# [AIM OF THE TASK]
Restate all of the data precisely, omitting nothing.

# [THE RECORDS]
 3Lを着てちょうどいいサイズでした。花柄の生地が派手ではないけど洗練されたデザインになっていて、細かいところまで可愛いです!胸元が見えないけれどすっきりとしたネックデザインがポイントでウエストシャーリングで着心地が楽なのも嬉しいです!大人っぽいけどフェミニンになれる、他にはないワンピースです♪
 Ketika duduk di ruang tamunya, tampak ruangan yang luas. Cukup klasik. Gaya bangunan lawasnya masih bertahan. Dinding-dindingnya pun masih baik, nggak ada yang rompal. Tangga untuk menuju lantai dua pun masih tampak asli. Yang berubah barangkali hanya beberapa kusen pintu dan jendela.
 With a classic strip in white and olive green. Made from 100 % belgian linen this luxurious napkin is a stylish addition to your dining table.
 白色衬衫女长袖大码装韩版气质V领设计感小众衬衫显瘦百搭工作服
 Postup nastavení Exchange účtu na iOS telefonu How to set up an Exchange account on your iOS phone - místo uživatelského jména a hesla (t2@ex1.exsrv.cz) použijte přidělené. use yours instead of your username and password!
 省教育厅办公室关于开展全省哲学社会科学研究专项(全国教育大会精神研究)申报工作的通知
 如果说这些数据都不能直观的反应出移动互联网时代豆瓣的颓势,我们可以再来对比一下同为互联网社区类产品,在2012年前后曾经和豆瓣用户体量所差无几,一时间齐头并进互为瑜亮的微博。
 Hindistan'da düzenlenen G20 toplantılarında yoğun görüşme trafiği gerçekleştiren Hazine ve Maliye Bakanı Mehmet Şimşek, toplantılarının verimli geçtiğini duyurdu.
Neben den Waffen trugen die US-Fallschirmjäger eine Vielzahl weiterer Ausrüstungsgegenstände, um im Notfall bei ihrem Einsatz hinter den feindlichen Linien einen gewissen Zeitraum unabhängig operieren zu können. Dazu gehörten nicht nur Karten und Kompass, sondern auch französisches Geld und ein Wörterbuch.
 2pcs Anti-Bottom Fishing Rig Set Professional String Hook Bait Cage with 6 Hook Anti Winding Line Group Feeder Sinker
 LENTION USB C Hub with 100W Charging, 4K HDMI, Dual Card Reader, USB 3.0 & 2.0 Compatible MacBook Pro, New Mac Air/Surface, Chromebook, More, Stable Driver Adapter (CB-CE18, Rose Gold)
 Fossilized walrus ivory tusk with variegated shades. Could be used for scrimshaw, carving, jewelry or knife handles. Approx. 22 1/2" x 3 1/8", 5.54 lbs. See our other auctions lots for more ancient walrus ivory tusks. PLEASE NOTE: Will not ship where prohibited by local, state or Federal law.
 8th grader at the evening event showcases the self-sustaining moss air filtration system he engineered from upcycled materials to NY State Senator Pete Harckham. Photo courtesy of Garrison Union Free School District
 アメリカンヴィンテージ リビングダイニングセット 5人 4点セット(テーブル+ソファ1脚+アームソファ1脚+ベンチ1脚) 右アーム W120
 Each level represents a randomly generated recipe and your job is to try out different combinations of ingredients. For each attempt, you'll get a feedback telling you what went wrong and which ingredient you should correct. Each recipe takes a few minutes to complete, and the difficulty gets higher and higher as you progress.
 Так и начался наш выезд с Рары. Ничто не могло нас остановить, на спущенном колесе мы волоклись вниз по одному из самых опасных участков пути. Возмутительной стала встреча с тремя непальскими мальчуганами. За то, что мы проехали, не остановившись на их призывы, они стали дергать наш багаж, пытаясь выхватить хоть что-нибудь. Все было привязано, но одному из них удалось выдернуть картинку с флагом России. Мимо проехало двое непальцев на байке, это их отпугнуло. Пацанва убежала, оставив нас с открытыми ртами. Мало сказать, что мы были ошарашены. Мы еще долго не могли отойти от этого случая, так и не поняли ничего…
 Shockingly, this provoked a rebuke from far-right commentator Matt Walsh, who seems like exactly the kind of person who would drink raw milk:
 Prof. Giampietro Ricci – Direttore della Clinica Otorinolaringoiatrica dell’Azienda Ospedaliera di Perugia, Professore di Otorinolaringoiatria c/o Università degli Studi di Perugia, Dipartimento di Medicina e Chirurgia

# [ANSWER TO THE PROBLEM]
 3Lを着てちょうどいいサイズでした。花柄の生地が派手ではないけど洗練されたデザインになっていて、細かいところまで可愛いです!胸元が見えないけれどすっきりとしたネックデザインがポイントでウエストシャーリングで着心地が楽なのも嬉しいです!大人っぽいけどフェミニンになれる、他にはないワンピースです♪
 Ketika duduk di ruang tamunya, tampak ruangan yang luas. Cukup klasik. Gaya bangunan lawasnya masih bertahan. Dinding-dindingnya pun masih baik, nggak ada yang rompal. Tangga untuk menuju lantai dua pun masih tampak asli. Yang berubah barangkali hanya beberapa kusen pintu dan jendela.
 With a classic strip in white and olive green. Made from 100 % belgian linen this luxurious napkin is a stylish addition to your dining table.
 白色衬衫女长袖大码装韩版气质V领设计感小众衬衫显瘦百搭工作服
 Postup nastavení Exchange účtu na iOS telefonu How to set up an Exchange account on your iOS phone - místo uživatelského jména a hesla (t2@ex1.exsrv.cz) použijte přidělené. use yours instead of your username and password!
 省教育厅办公室关于开展全省哲学社会科学研究专项(全国教育大会精神研究)申报工作的通知
 如果说这些数据都不能直观的反应出移动互联网时代豆瓣的颓势,我们可以再来对比一下同为互联网社区类产品,在2012年前后曾经和豆瓣用户体量所差无几,一时间齐头并进互为瑜亮的微博。
 Hindistan'da düzenlenen G20 toplantılarında yoğun görüşme trafiği gerçekleştiren Hazine ve Maliye Bakanı Mehmet Şimşek, toplantılarının verimli geçtiğini duyurdu.
Neben den Waffen trugen die US-Fallschirmjäger eine Vielzahl weiterer Ausrüstungsgegenstände, um im Notfall bei ihrem Einsatz hinter den feindlichen Linien einen gewissen Zeitraum unabhängig operieren zu können. Dazu gehörten nicht nur Karten und Kompass, sondern auch französisches Geld und ein Wörterbuch.
 2pcs Anti-Bottom Fishing Rig Set Professional String Hook Bait Cage with 6 Hook Anti Winding Line Group Feeder Sinker
 LENTION USB C Hub with 100W Charging, 4K HDMI, Dual Card Reader, USB 3.0 & 2.0 Compatible MacBook Pro, New Mac Air/Surface, Chromebook, More, Stable Driver Adapter (CB-CE18, Rose Gold)
 Fossilized walrus ivory tusk with variegated shades. Could be used for scrimshaw, carving, jewelry or knife handles. Approx. 22 1/2" x 3 1/8", 5.54 lbs. See our other auctions lots for more ancient walrus ivory tusks. PLEASE NOTE: Will not ship where prohibited by local, state or Federal law.
 8th grader at the evening event showcases the self-sustaining moss air filtration system he engineered from upcycled materials to NY State Senator Pete Harckham. Photo courtesy of Garrison Union Free School District
 アメリカンヴィンテージ リビングダイニングセット 5人 4点セット(テーブル+ソファ1脚+アームソファ1脚+ベンチ1脚) 右アーム W120
 Each level represents a randomly generated recipe and your job is to try out different combinations of ingredients. For each attempt, you'll get a feedback telling you what went wrong and which ingredient you should correct. Each recipe takes a few minutes to complete, and the difficulty gets higher and higher as you progress.
 Так и начался наш выезд с Рары. Ничто не могло нас остановить, на спущенном колесе мы волоклись вниз по одному из самых опасных участков пути. Возмутительной стала встреча с тремя непальскими мальчуганами. За то, что мы проехали, не остановившись на их призывы, они стали дергать наш багаж, пытаясь выхватить хоть что-нибудь. Все было привязано, но одному из них удалось выдернуть картинку с флагом России. Мимо проехало двое непальцев на байке, это их отпугнуло. Пацанва убежала, оставив нас с открытыми ртами. Мало сказать, что мы были ошарашены. Мы еще долго не могли отойти от этого случая, так и не поняли ничего…
 Shockingly, this provoked a rebuke from far-right commentator Matt Walsh, who seems like exactly the kind of person who would drink raw milk:
 Prof. Giampietro Ricci – Direttore della Clinica Otorinolaringoiatrica dell’Azienda Ospedaliera di Perugia, Professore di Otorinolaringoiatria c/o Università degli Studi di Perugia, Dipartimento di Medicina e Chirurgia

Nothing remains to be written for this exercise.